Bhorer Kagoj was started in 1990 by a company with wide-ranging business and commercial interests, and circulates throughout the country. It has won a reputation for reliability and independence, and its core readership consists of educated and professional groups, and college and university students. The chairman, Mr Sadeque Chowdhury, is clearly a man who is not content to sit back if he feels something more could be done, and it seemed to him that existing agencies had neither the resources nor the opportunities to implement a sustained and effective campaign. “Our objective is to create more awareness of the dangers of tobacco smoking amongst the public, and specifically youngsters, who are the target of the tobacco firms,” he said, as the campaign was being planned, “and advise [people] on ways to quit smoking.” He added that they also wanted to avoid reporting social events sponsored by tobacco companies, so as not to give them publicity, though he acknowledged that it would be difficult covering sport without mentioning brand names, because in Bangladesh, as in so many other countries, sport is increasingly tied up with tobacco.
Bhorer Kagoj is certainly the first newspaper in Bangladesh to take a stand like this, and possibly the first in Asia. World No-Tobacco Day (31 May) saw a number of seminars and rallies held in various parts of the countries. One of these was sponsored by anti-tobacco group ADHUNIK and inaugurated by the President of Bangladesh, who presented Mr Chowdhury with the President’s ADHUNIK Medal, for the paper’s anti-smoking campaign role. The Consumers’ Association of Bangladesh also presented the newspaper with a crest commending its position in the face of loss of commercial gain.

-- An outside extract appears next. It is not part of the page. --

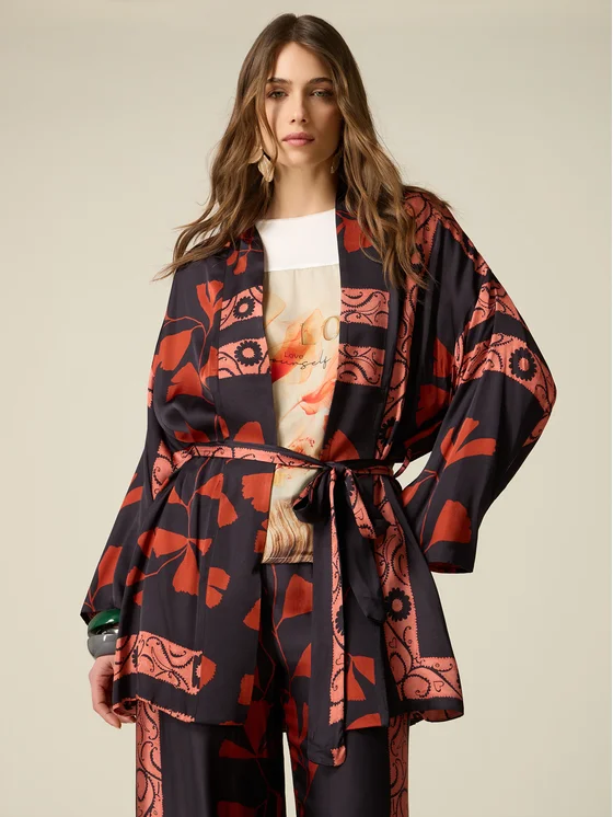 Giacca kimono realizzata in fluido raso di viscosa fantasia; lunghezza media, cintura da annodare in vita; possibilità di abbinarla ai pantaloni coordinati; MADE IN ITALY.

Meanwhile, BAT seems to have increased its advertising campaign in the print media, and to be adopting a higher corporate profile. The company recently changed the name of its local subsidiary from Bangladesh Tobacco Company to British American Tobacco Bangladesh (BATB), a move which seems in keeping with a trend to a more aggressive, transnational marketing and operational style. An interesting spin-off from the Bhorer Kagoj campaign has been BATB’s response when told that the paper would no longer carry its cigarette ads. BATB sent the newspaper photocopies of the discredited articles in the British Sunday newspaper, the Sunday Telegraph, together with similar pages from The Economist, which had slavishly followed the same line. These articles purported to show that the World Health Organisation had found passive smoking to be harmless, and had then suppressed its findings (see Tobacco Control 1998;7:119–20; andBMJ 1998;316:945).
Welcome to the world war on tobacco, Bhorer Kagoj. We wish you every success.